Prior studies demonstrate non-linearity trends with stimulus amplitude variations (Norup Nielsen and Lauritzen 2001; Devor et al. 2003; Jones et al. 2004; Nemoto et al. 2004; Sheth et al. 2004; Franceschini et al. 2008). Therefore our approach excluded amplitude variations given the narrow dynamic range for testing linearity relationships. Since the transfer functions are dependent on measured neural responses and each of the measured imaging signals, we expect that the predictions could be applied to other baseline situations, but limited to the somatosensory region.

In summary, we collected multi-modal data consisting of neural and imaging signals and applied convolution analysis to demonstrate linear relationships between neural and imaging signals to verify the time invariance of their transfer functions. Because these transfer functions could produce modeled signals for brief (1–4 pulses) and long (90 pulses) stimuli successfully, we extended calibrated fMRI for CMR_O2 calculation, from transient events to steady-state. Preliminary results from our laboratory (data not shown) suggest that this approach may be extended for stimuli of varying frequencies and across the somatosensory cortex. However further studies are required to understand differences between cortical and subcortical regions where neural activity patterns and microvasculature are known to be significantly different (Ebner and Armstrong-James 1990).

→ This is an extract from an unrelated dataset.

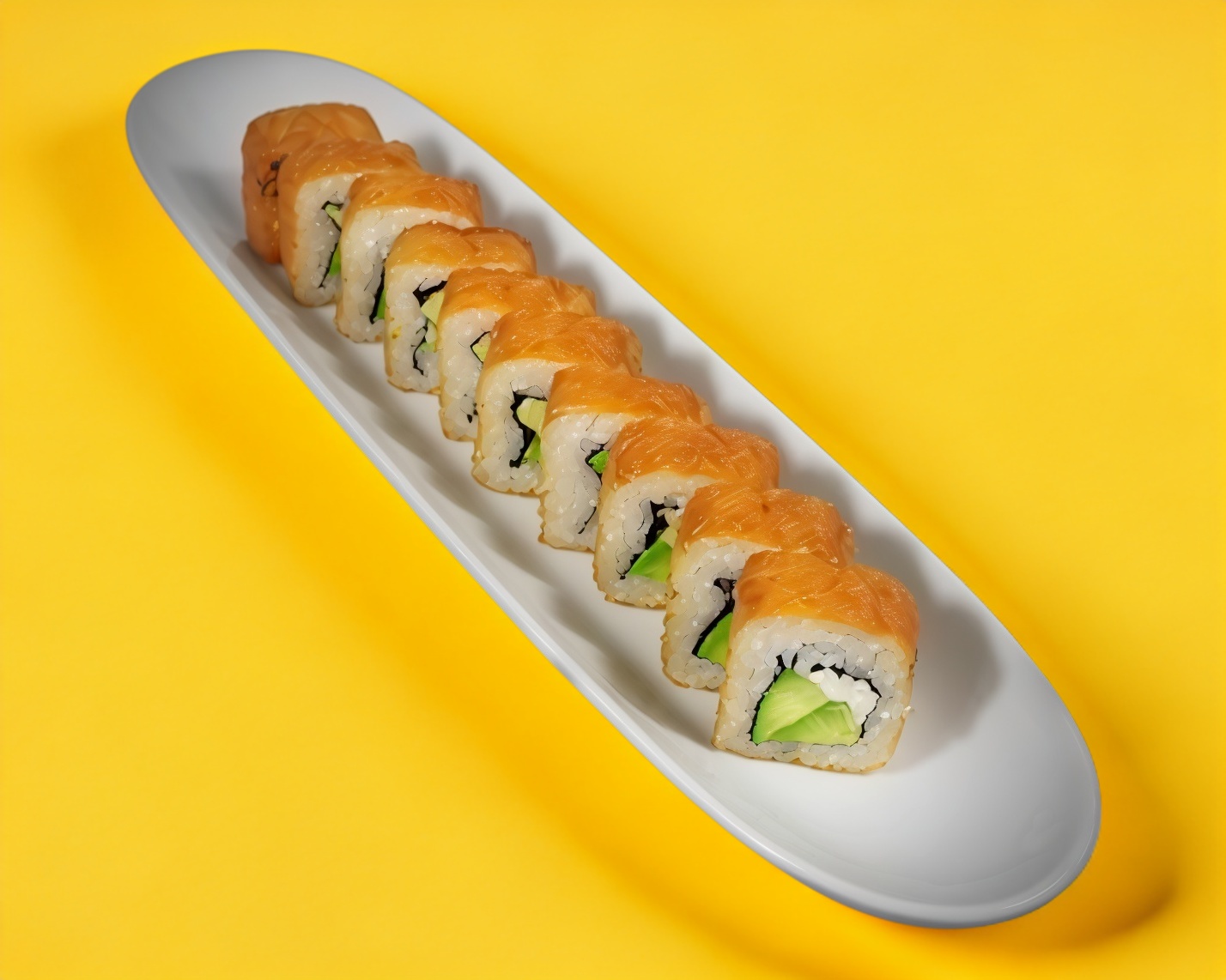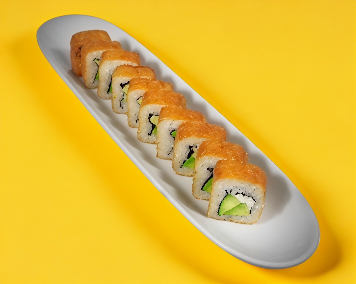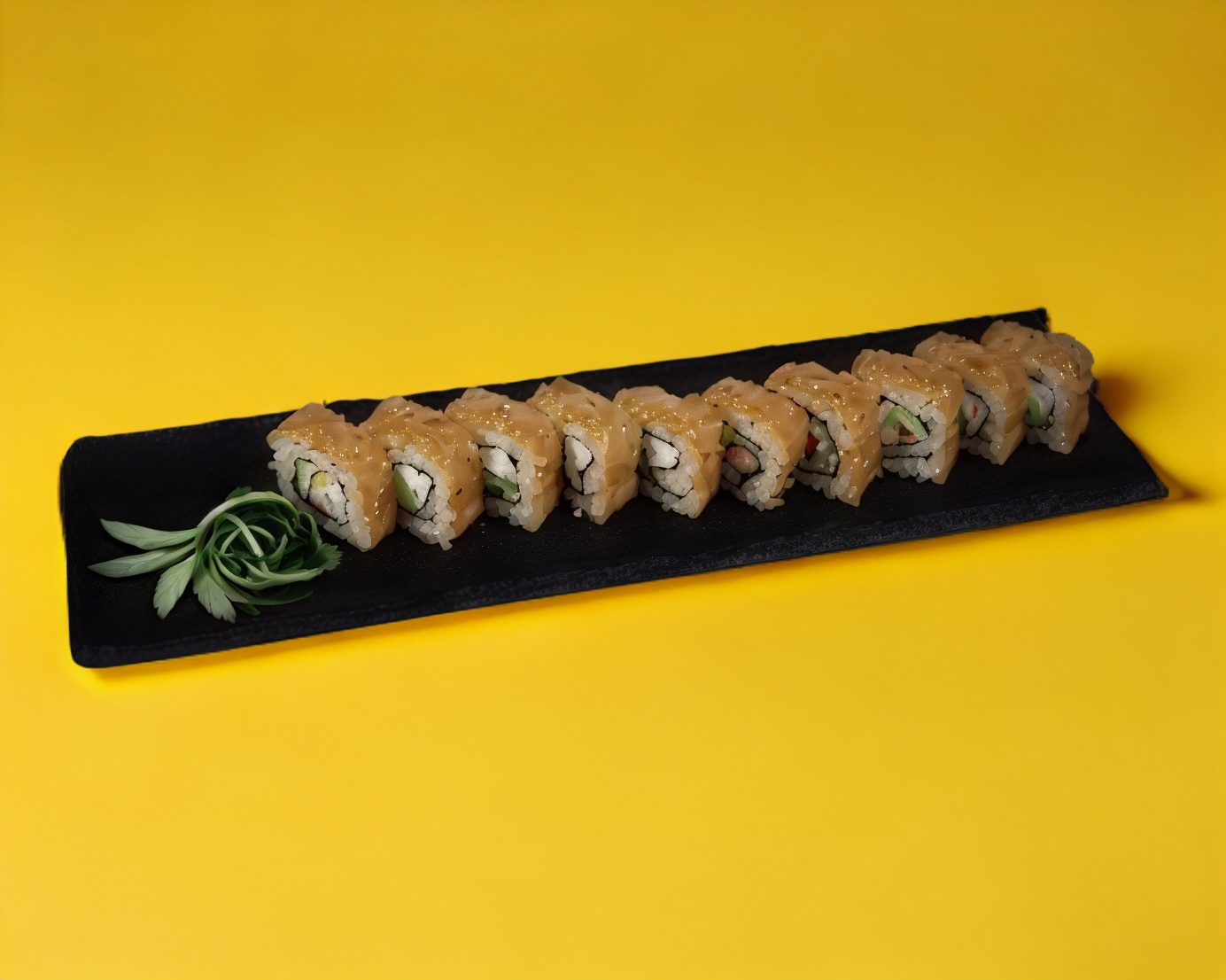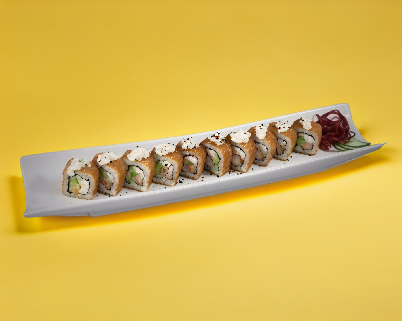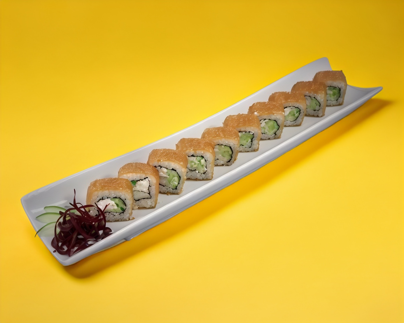 Por fuera Ajonjolí, Por dentro aguacate, Philadelphia, pepino y salmón.

Factors that affect the BOLD signal include hematocrit (Hyder et al. 2001). At steady-state, CMR_O2 calculation by calibrated fMRI assumes that volume (or discharge) hematocrit is unchanged. Under steady-state conditions, this assumption has been partly confirmed by comparing kinetics of red blood cell and plasma volumes (Herman et al. 2008). However dynamically different velocities of red blood cell and plasma compartments may become exaggerated in capillaries which in turn could affect the flow (or tube) hematocrit (Pries et al. 1986). Therefore an important consideration for future studies is the involvement of transient hematocrit changes (Fahraeus 1929) on the dynamic BOLD contrast, which may account for some of the observed small imperfections in the residual signals.